- _Exercise inputs_:

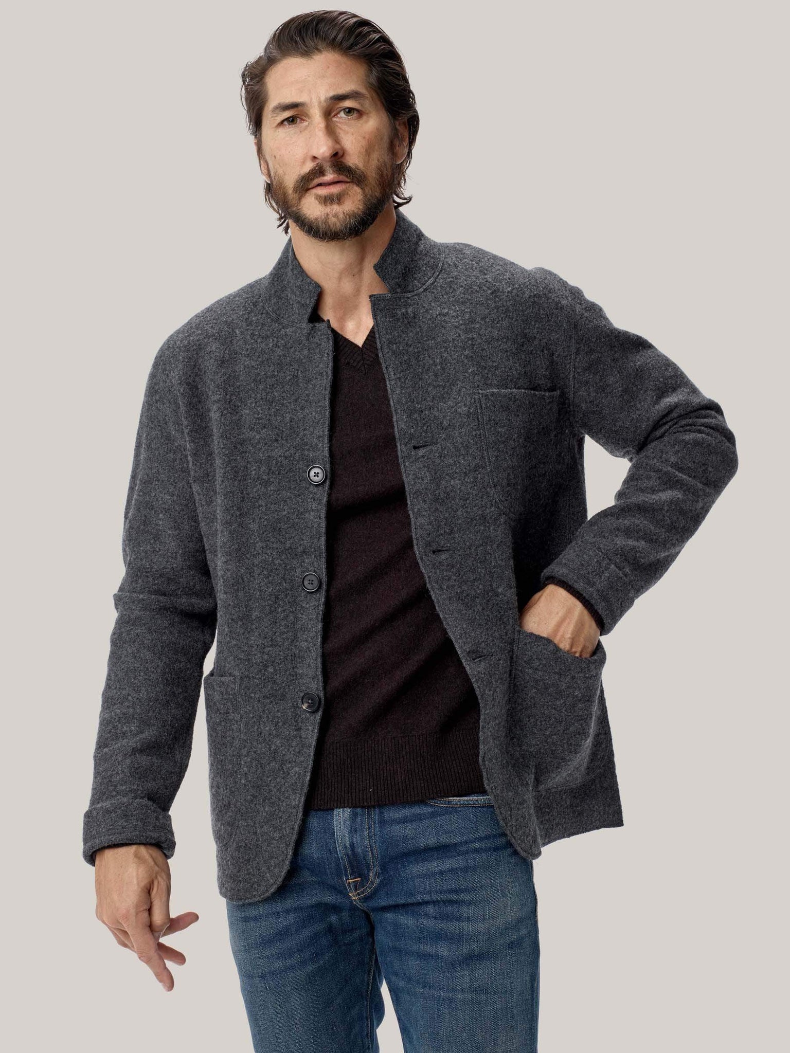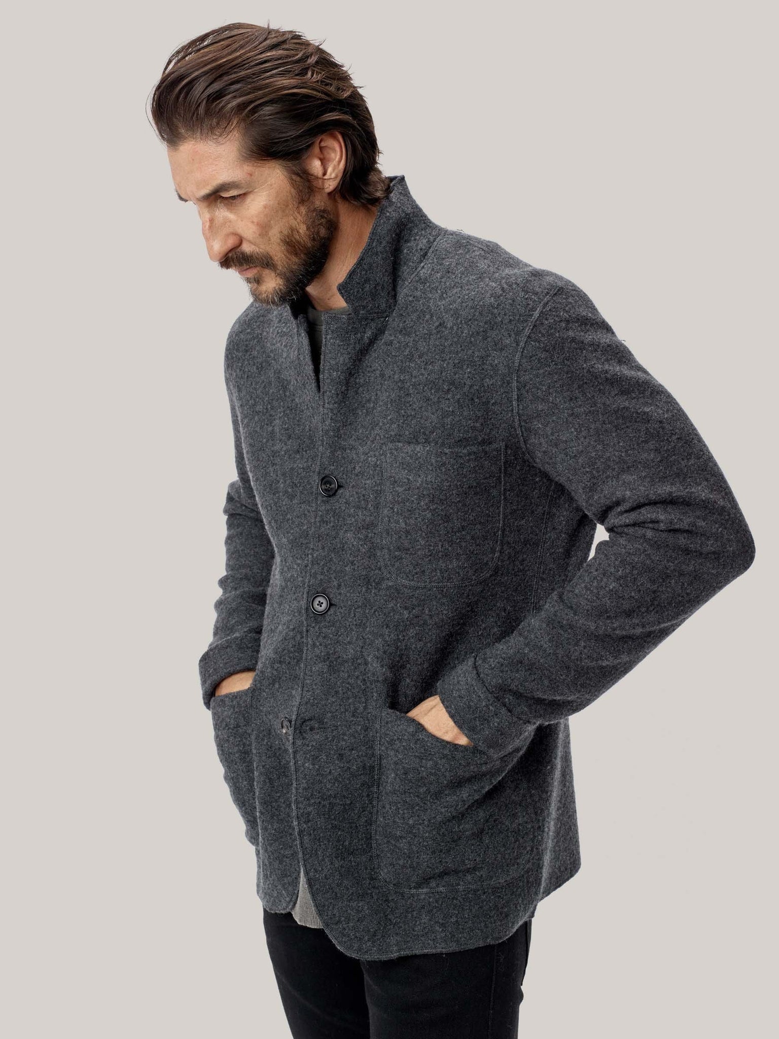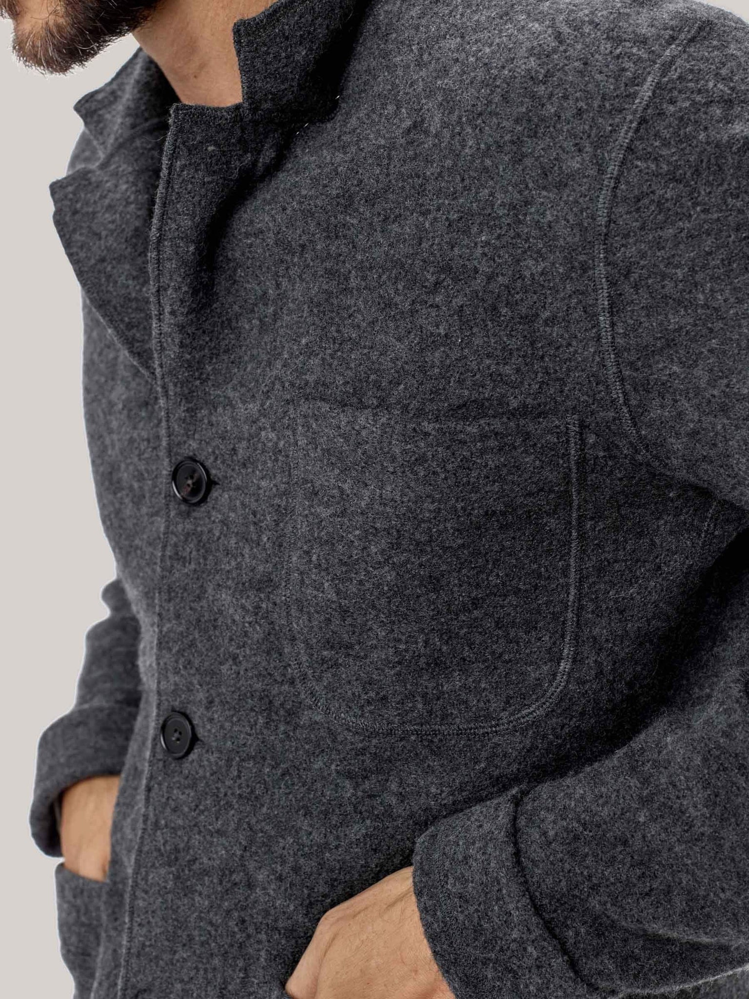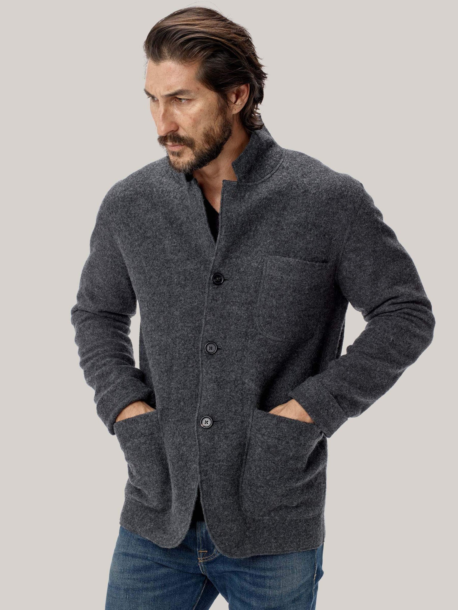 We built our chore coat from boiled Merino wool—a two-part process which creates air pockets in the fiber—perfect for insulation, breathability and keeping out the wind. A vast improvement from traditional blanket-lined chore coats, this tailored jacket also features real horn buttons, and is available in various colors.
* * *
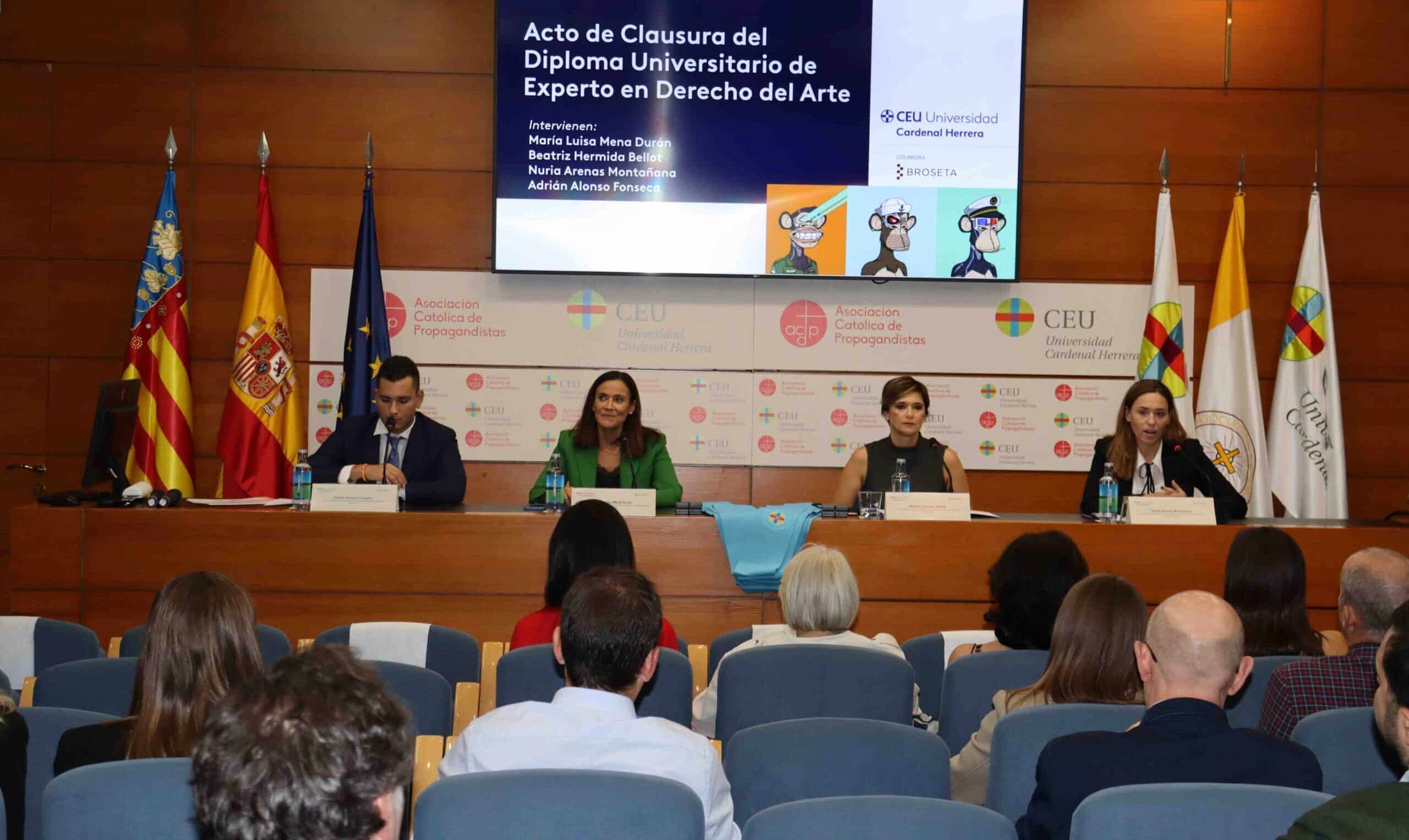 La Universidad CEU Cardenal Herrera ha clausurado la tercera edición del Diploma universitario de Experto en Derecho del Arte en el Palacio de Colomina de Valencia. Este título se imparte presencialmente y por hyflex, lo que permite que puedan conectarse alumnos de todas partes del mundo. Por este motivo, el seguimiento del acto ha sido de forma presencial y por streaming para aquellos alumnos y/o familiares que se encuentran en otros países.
---
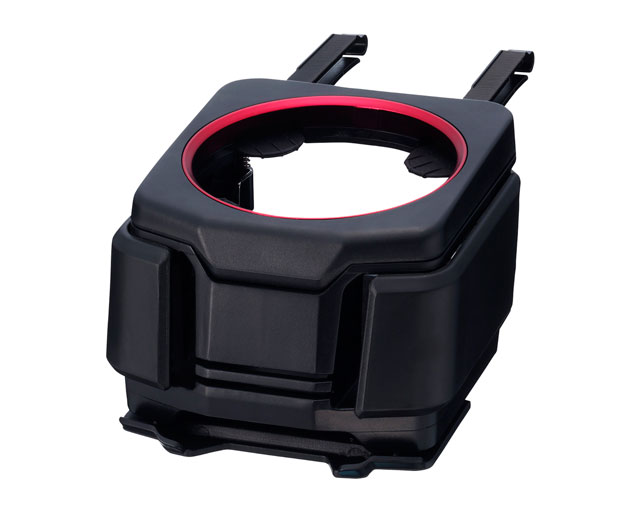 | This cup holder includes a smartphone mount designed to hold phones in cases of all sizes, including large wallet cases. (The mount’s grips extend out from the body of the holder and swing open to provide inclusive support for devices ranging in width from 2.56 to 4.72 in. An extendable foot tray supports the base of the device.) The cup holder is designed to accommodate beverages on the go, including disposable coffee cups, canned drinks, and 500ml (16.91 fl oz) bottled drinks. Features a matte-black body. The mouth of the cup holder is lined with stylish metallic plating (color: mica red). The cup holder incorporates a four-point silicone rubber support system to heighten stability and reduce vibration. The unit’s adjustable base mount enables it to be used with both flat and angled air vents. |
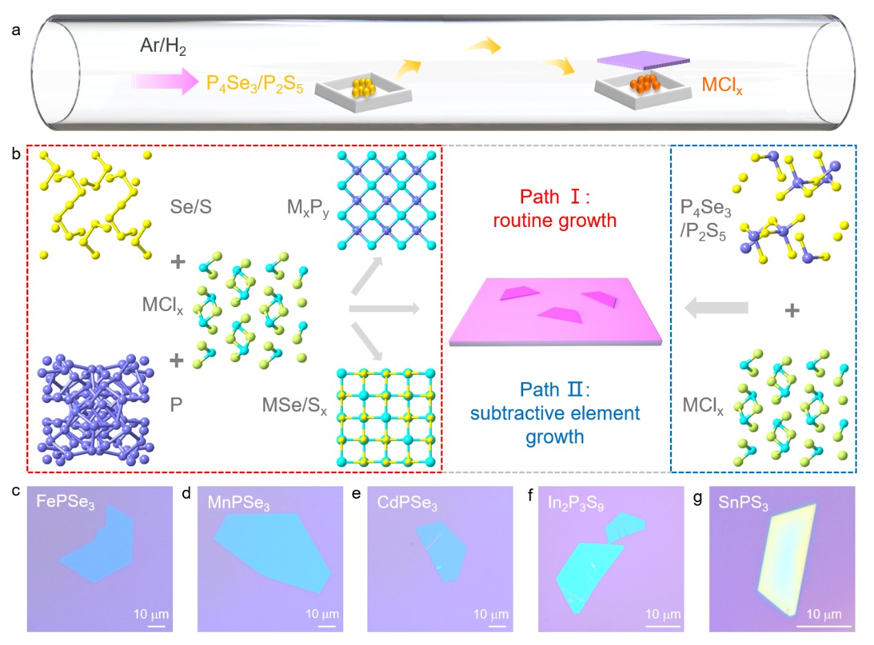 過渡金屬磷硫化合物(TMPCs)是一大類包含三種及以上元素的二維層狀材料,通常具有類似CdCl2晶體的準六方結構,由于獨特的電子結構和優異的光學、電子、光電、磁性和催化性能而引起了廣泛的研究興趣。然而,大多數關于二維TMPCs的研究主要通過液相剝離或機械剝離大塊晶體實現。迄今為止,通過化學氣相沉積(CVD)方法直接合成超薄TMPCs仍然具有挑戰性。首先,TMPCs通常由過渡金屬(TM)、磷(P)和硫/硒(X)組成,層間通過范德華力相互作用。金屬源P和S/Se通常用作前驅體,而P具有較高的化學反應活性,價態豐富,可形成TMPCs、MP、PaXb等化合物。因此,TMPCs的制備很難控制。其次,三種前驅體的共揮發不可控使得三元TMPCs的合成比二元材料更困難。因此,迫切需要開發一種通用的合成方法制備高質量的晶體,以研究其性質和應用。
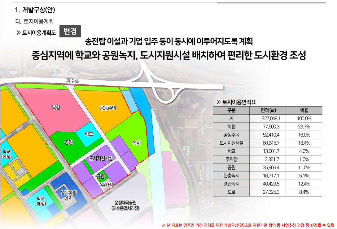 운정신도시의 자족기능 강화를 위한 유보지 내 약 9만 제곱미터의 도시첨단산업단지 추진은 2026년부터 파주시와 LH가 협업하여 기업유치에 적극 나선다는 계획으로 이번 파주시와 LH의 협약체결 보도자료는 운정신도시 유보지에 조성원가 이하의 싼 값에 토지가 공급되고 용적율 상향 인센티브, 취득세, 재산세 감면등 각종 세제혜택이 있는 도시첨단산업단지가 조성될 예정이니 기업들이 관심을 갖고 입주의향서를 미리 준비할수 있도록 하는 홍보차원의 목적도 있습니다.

- _Work required_:
What is wanted is an exact copy of the lines above from the one containing "air vents. |" through the one containing "운정신도시의 자족기능 강화를", with no pictures in it.

- _Response area_:
 | This cup holder includes a smartphone mount designed to hold phones in cases of all sizes, including large wallet cases. (The mount’s grips extend out from the body of the holder and swing open to provide inclusive support for devices ranging in width from 2.56 to 4.72 in. An extendable foot tray supports the base of the device.) The cup holder is designed to accommodate beverages on the go, including disposable coffee cups, canned drinks, and 500ml (16.91 fl oz) bottled drinks. Features a matte-black body. The mouth of the cup holder is lined with stylish metallic plating (color: mica red). The cup holder incorporates a four-point silicone rubber support system to heighten stability and reduce vibration. The unit’s adjustable base mount enables it to be used with both flat and angled air vents. |
 過渡金屬磷硫化合物(TMPCs)是一大類包含三種及以上元素的二維層狀材料,通常具有類似CdCl2晶體的準六方結構,由于獨特的電子結構和優異的光學、電子、光電、磁性和催化性能而引起了廣泛的研究興趣。然而,大多數關于二維TMPCs的研究主要通過液相剝離或機械剝離大塊晶體實現。迄今為止,通過化學氣相沉積(CVD)方法直接合成超薄TMPCs仍然具有挑戰性。首先,TMPCs通常由過渡金屬(TM)、磷(P)和硫/硒(X)組成,層間通過范德華力相互作用。金屬源P和S/Se通常用作前驅體,而P具有較高的化學反應活性,價態豐富,可形成TMPCs、MP、PaXb等化合物。因此,TMPCs的制備很難控制。其次,三種前驅體的共揮發不可控使得三元TMPCs的合成比二元材料更困難。因此,迫切需要開發一種通用的合成方法制備高質量的晶體,以研究其性質和應用。
 운정신도시의 자족기능 강화를 위한 유보지 내 약 9만 제곱미터의 도시첨단산업단지 추진은 2026년부터 파주시와 LH가 협업하여 기업유치에 적극 나선다는 계획으로 이번 파주시와 LH의 협약체결 보도자료는 운정신도시 유보지에 조성원가 이하의 싼 값에 토지가 공급되고 용적율 상향 인센티브, 취득세, 재산세 감면등 각종 세제혜택이 있는 도시첨단산업단지가 조성될 예정이니 기업들이 관심을 갖고 입주의향서를 미리 준비할수 있도록 하는 홍보차원의 목적도 있습니다.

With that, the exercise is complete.